Contact is not safe. Anybody can walk up and put an RFID reader by your wallet and get your information.

---

Ah, the American paranoid of contactless is alive and well. For one, you mean contactless, not contact. Contact is where you insert the card. 

 

Now, let's analyze your statement. It isn't completely untrue, it's just ridiculous fear-mongering. No, nothing is totally safe - nothing. Yes, someone can bump-skim a contactless card. What will they get?

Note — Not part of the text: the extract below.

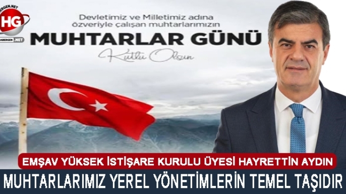 Emniyet Teşkilatı Vazife Malulü ve Şehit Aileleri Vakfı (EMŞAV) Yüksek İstişare Kuruyu Üyesi, spor adamı ve siyasetçi Hayrettin Aydın, 19 Ekim Muhtarlar Günü dolayısıyla bir kutlama mesajı yayımladı.

PAN - Primary Account Number

Expiration data

Potentially the data needed to conduct a replay attack and create ONE transaction

 

PAN and expiry are useless on their own, as those do not allow a transaction anymore. There isn't even a real name on the contactless interface - it is replaced by false data or a blank, so someone can't try to Google for an address, etc.

 

A replay attack of a generally low-value contactless transaction is not a great value proposition for a scammer, and bumping against people or surreptitiously installing a rather big NFC/RFID skimmer isn't easy.

 

Let's compare this to magnetic stripes. What do you get?

PAN

Expiry

Name

The data required to create a working card that can be used for any in-person transaction

 

Also easily skimmed, by attaching skimmers to ATMs, gas pumps, etc or - much worse - malware on the point-of-sale allowing mass skimming of this data.

 

As for contact EMV? Similar data to contactless can be skimmed or retreived from the POS, but with a name and without nearly as easy of time creating a replay transaction. With EMV migration, contactless MSD will eventually go away making a replay attack on contactless harder than it is today.

 

Conclusion: no, contactless isn't totally 100% theoretically safe. Nothing is. Someone may be able to skim a single low-value contactless MSD transaction through an awkward and difficult method. But it's a heck of a lot safer than magnetic stripes!

---

And even if someone did manage to commit fraud with contactless, it ultimately doesn't matter to the cardholder. Yay for $0 liability, one of the few pro-consumer things the government actually instituted.